*** Opening of The records ***
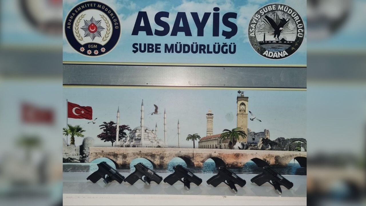 Adana’da polis ekipleri tarafından gerçekleştirilen denetim sırasında şüpheli hareketleriyle dikkat çeken bir kişinin elindeki poşette yapılan aramada 5 ruhsatsız tabanca ele geçirildi. Gözaltına alınan şüpheli, çıkarıldığı mahkemece tutuklanarak cezaevine gönderildi.
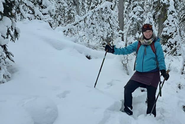 "A lot of people find their bums get cold in winter. An insulated skirt is a great way to easily add or remove layers on their bottom half without needing to take off boots or snowshoes"
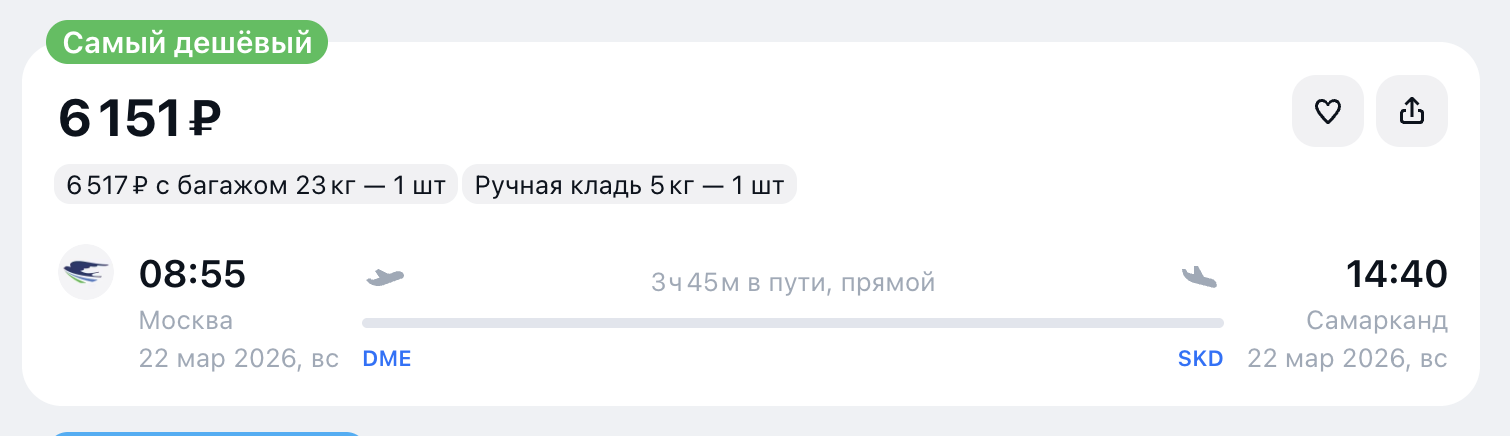 Авиакомпания Qanot Sharq готова отвезти вас в разные города Узбекистана по адекватной цене: прямые рейсы из Москвы в Ташкент, Самарканд, Фергану и Термез за 5980 рублей.
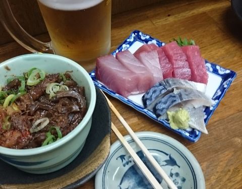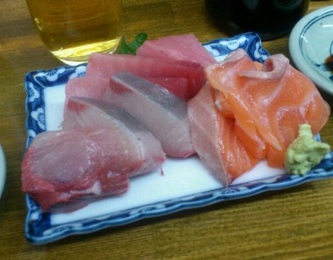 毎朝大将が中央市場で仕入れる新鮮ネタの造りがまずオススメd( ̄  ̄)因みに写真ははまち造りで¥250
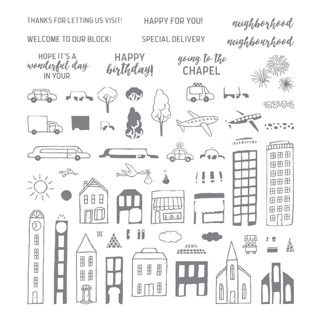 This is a cool set called In the City. This is a Host Set so its not available for general purchase, but redeemed through host rewards. But, you will LOVE it! You MUST get this. This is a cool 2- or 3-step stamp set. I had SOOOO much fun with this. I started stamping buildings in all different colours and I kept going ..... and going .... and LOVED it!
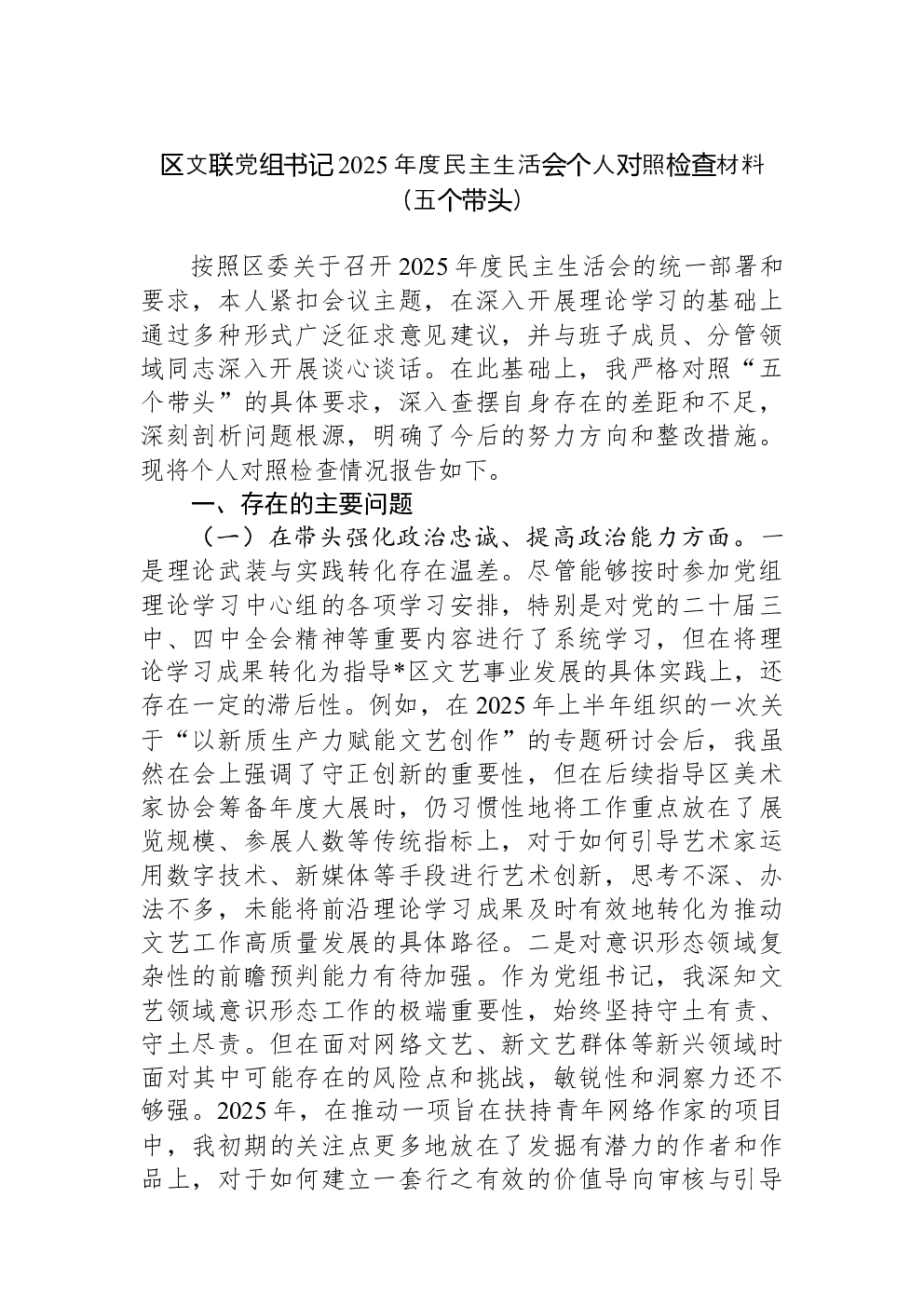 (22篇)2022年度民主生活会六个带头对照检查材料
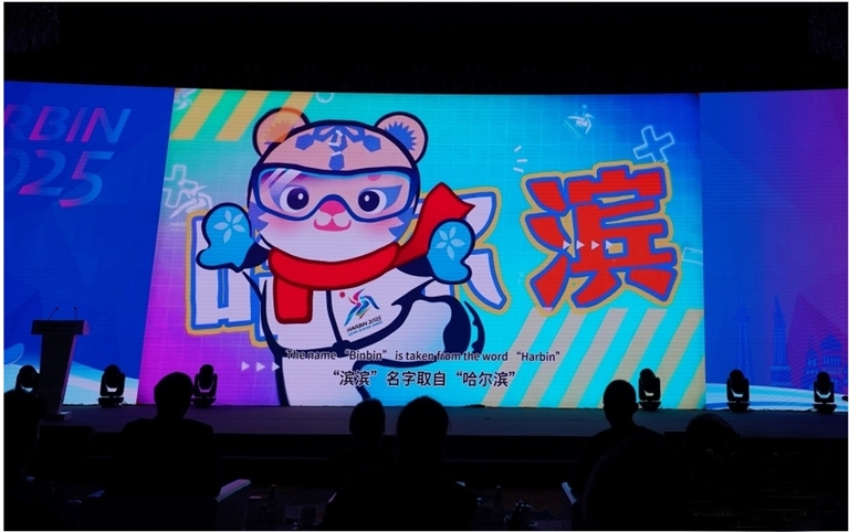 1月11日,2025年第九届亚洲冬季运动会口号、会徽、吉祥物在黑龙江哈尔滨发布。本届赛会的口号“冰雪同梦,亚洲同心(Dream of Winter,Love among Asia)”、会徽“超越”、吉祥物“滨滨”和“妮妮”正式亮相。图为2025年第九届亚洲冬季运动会吉祥物“滨滨”,以2023年9月出生于黑龙江东北虎林园的小东北虎为原型,寓意为“哈尔滨欢迎您”。
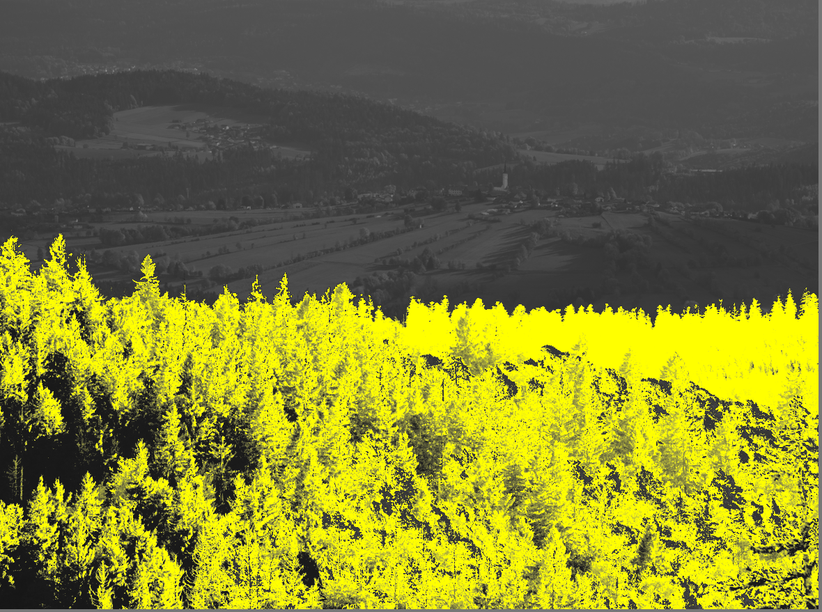 I used the G (Gray/L-channel) slider to get the sharp forest edge.
*** Close of The records ***
**Description of the task:** Exclude the pictures and write out exactly the lines from the one holding "This is a cool set" through the end of the entries, inclusive, and only those.

**Your solution:**
 This is a cool set called In the City. This is a Host Set so its not available for general purchase, but redeemed through host rewards. But, you will LOVE it! You MUST get this. This is a cool 2- or 3-step stamp set. I had SOOOO much fun with this. I started stamping buildings in all different colours and I kept going ..... and going .... and LOVED it!
 (22篇)2022年度民主生活会六个带头对照检查材料
 1月11日,2025年第九届亚洲冬季运动会口号、会徽、吉祥物在黑龙江哈尔滨发布。本届赛会的口号“冰雪同梦,亚洲同心(Dream of Winter,Love among Asia)”、会徽“超越”、吉祥物“滨滨”和“妮妮”正式亮相。图为2025年第九届亚洲冬季运动会吉祥物“滨滨”,以2023年9月出生于黑龙江东北虎林园的小东北虎为原型,寓意为“哈尔滨欢迎您”。
 I used the G (Gray/L-channel) slider to get the sharp forest edge.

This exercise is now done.